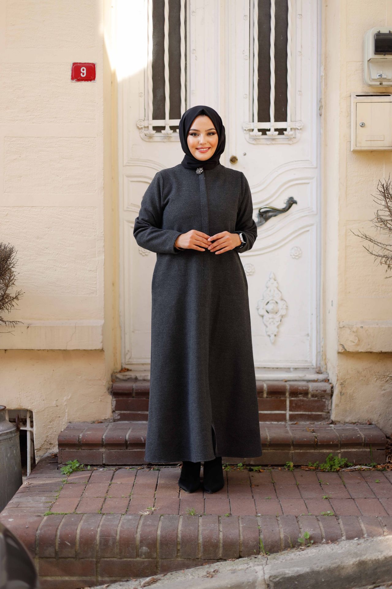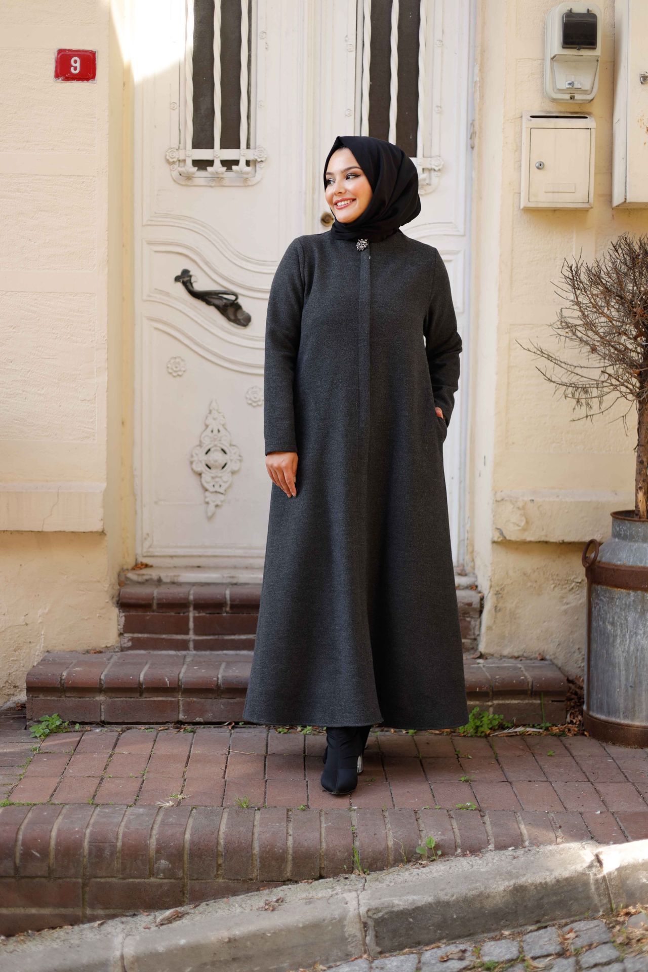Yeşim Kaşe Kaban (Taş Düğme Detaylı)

-------------------------

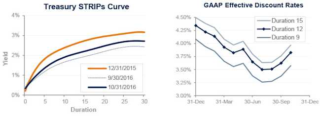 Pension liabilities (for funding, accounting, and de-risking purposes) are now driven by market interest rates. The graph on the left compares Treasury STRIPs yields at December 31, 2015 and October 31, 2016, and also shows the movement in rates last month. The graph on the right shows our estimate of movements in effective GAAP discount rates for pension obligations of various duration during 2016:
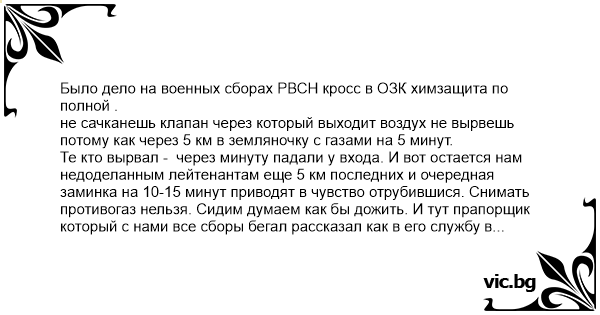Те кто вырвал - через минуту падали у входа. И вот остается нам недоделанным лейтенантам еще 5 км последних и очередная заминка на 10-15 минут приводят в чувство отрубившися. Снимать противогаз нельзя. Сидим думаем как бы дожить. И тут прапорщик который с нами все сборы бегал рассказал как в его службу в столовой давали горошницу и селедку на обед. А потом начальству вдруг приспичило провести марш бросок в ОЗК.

-------------------------

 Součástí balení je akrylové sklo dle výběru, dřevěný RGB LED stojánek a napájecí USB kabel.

-------------------------

Directions
Although the records above contain pictures, the copy must not; set down exactly the lines from the one with "Pension liabilities (for" up to and including the one with "Те кто вырвал".

Problem solution
 Pension liabilities (for funding, accounting, and de-risking purposes) are now driven by market interest rates. The graph on the left compares Treasury STRIPs yields at December 31, 2015 and October 31, 2016, and also shows the movement in rates last month. The graph on the right shows our estimate of movements in effective GAAP discount rates for pension obligations of various duration during 2016:
Те кто вырвал - через минуту падали у входа. И вот остается нам недоделанным лейтенантам еще 5 км последних и очередная заминка на 10-15 минут приводят в чувство отрубившися. Снимать противогаз нельзя. Сидим думаем как бы дожить. И тут прапорщик который с нами все сборы бегал рассказал как в его службу в столовой давали горошницу и селедку на обед. А потом начальству вдруг приспичило провести марш бросок в ОЗК.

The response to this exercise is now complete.